Data Science - ETL Transformations for Creating a Modelling Dataset

By Richard Paterson - Senior SAS Consultant

ETL is THE most important and time-consuming aspect of predictive modelling. An estimated 80% of a data scientist’s time is spent in the ETL stage of model development. Perhaps not as exciting as applying other aspects of the process but the ETL process is critical for quality model development.The old saying is still relevant: "Garbage In Garbage Out"

ETL – Extract, Transform and Load

Real data is messy and needs to be cleansed. The raw data we need for our models will have duplicated data, null fields, inconsistent formats, data input errors and many other general data issues. ‘Clean’ data is a good start but chances are that the data is still not ready for modelling. The data needs to be structured to optimally for the desired data model.

This article highlights a number of standard transformation methods which can be applied when preparing data for a modelling dataset. There is no standard methodology and the data scientist (or ETL developer in this case) needs to know and when to perform the necessary steps.

1. Reduce Size of Data

We should examine the data first. Depending on the dataset size, it may make sense to reduce the size of the initial dataset. We can use PROC SURVEYSELECT to select a random sample of the data.

Proc Surveyselect data=mydata.transactions out=work.transactions_sample Method=SRS

sampsize=20000 seed=33;

Run;

2. Define a 'Target' variable
Most data sources do not come with a predefined target variable. For example, if we are developing a model to predict customers who are likely to default on their loans. Use Proc CONTENTS or Proc FREQ to identify likely candidates.

By examining the levels of the chose variable, we can identify the value of interest to our model – in the above example there are three values relating to a bad loan status. We can now transform these values to create a new target variable:

Data transform;

  Set mydata.transactions;

  If loan_status in (‘Charged Off’, ‘Default’, ‘Does not meet the credit policy. Status:Charged Off’) then bad=1; else bad=0;

Run;

One thing to notice here is there are no missing values. In step 3 we discuss imputing missing values however for a target variable this in inadvisable. Take this into account when selecting your target variable.

Using Proc FREQ we can now examine the distribution of the target variable

Proc FREQ Data=transform; TABLES loan_status*bad / nocol norow nopercent; run;

3. IDENTIFYING MISSING NUMERIC DATA

Missing values is one of the most critical issues of data quality. We can use proc MEANS to identify missing values –

PROC Means data=transform N NMISS MIN MAX MEAN;

VAR _NUMERIC_;

OUTPUT OUT=transform_means;

RUN;

4. IDENTIFYING MISSING CHARACTER DATA

Proc FREQ is commonly used to identify missing character data. Some character values will contain many unique values which is not ideal for proc freq, for example ID fields, date fields etc. We can eliminate these values before running proc freq.

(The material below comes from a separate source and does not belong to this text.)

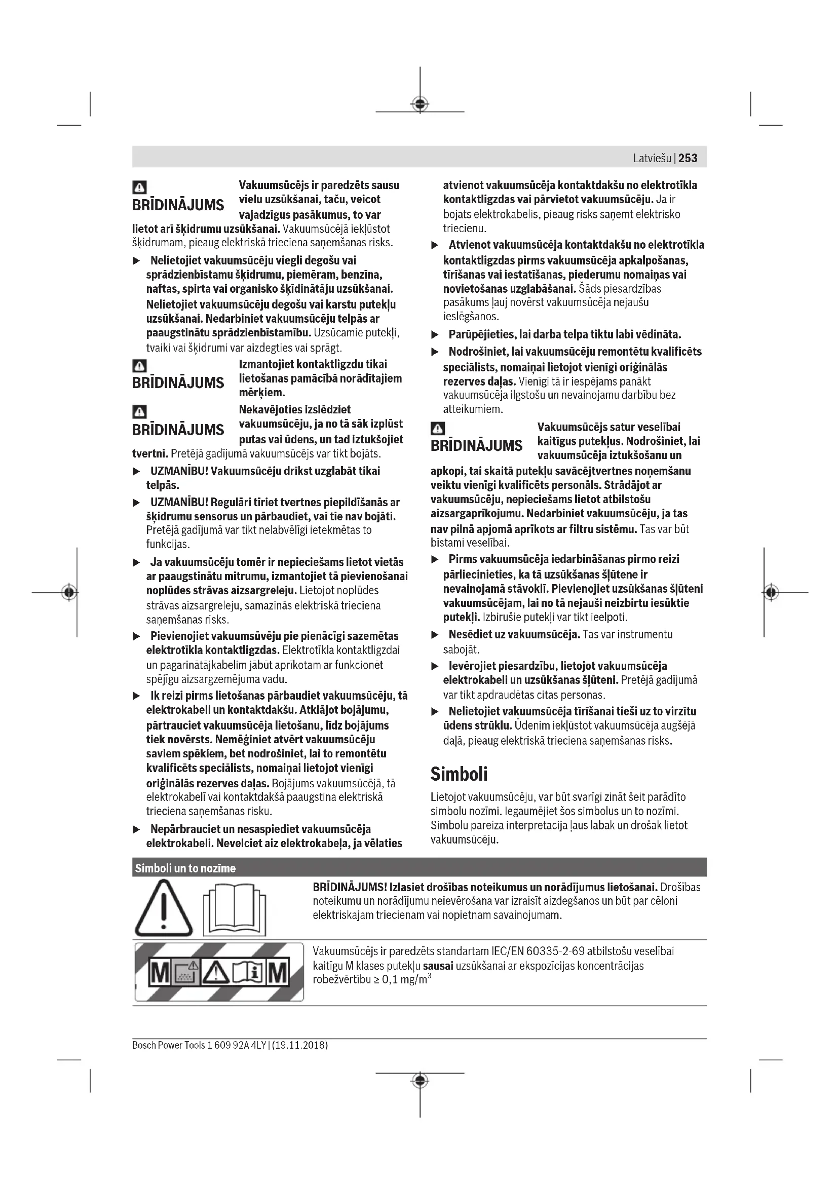 Latviešu | 253 Bosch Power Tools 1 609 92A 4LY | (19.11.2018)254 | Latviešu 1 609 92A 4LY | (19.11.2018) Bosch Power Tools Simboli un to nozīme BRĪDINĀJUMS! Vakuumsūcējs satur veselībai kaitīgus putekļus. Nodrošiniet, lai vakuumsūcēja iztukšošanu un apkopi, tai skaitā putekļu savācējtvertnes noņemšanu veiktu vienīgi kvalificēts personāls. Strādājot ar vakuumsūcēju, nepieciešams lietot atbilstošu aizsargaprīkojumu. Nedarbiniet vakuumsūcēju, ja tas nav pilnā apjomā aprīkots ar filtru sistēmu. Tas var būt bīstami veselībai. Pievienojiet vakuumsūcējam ne vairāk, kā vienu konteineri L-Boxx. Konteinera L-Boxx un tā satura kopējais svars nedrīkst pārsniegt 15kg. Neuzkariniet vakuumsūcēju uz āķa, piemēram, transportēšanas laikā. Vakuumsūcējs nav paredzēts piekarināšanai. Tas var radīt savainojumus un materiālo vērtību bojājumus. Nelietojiet vakuumsūcēju kā sēdekli, kāpnes vai kāpsli. Vakuumsūcējs var apgāzties un tikt bojāts. Šādā gadījumā var rasties savainojumi. Automātiska ieslēgšanās un izslēgšanās Ļauj uzsūkt putekļus no darbināmajiem elektroinstrumentiem Vakuumsūcējs automātiski ieslēdzas un pēc tam izslēdzas ar zināmu laika aizturi Izslēgšana Uzsūkšana Nosēdušos putekļu uzsūkšana

PROC FREQ data=transform(drop=ID member_ID start_Date settlement_Date);

TABLES _CHARACTER_;

RUN;

5. Delete variables

After identifying the missing numeric and character variables a decision can be made which variables to keep. A general rule is: variables exceeding 30% of missing values should be dropped. It is inadvisable to try and impute these variables.

6. Value Imputation

We can now try to impute values for the missing values. This is important for several reasons – many algorithms will drop records with missing values on the predictor columns. This will limit the sample size and can lead to the model showing a bias. Since we drop a complete record due to a single missing value we are losing a lot of valuable information.

Numeric Imputation

Mean – replace missing values with the average value.

Median – replace missing values with the mean value.

Mode – replace missing values with the most common value.

Regression – Separate into two groups, missing and non-missing. Use a model on non-missing values to predict values for missing values.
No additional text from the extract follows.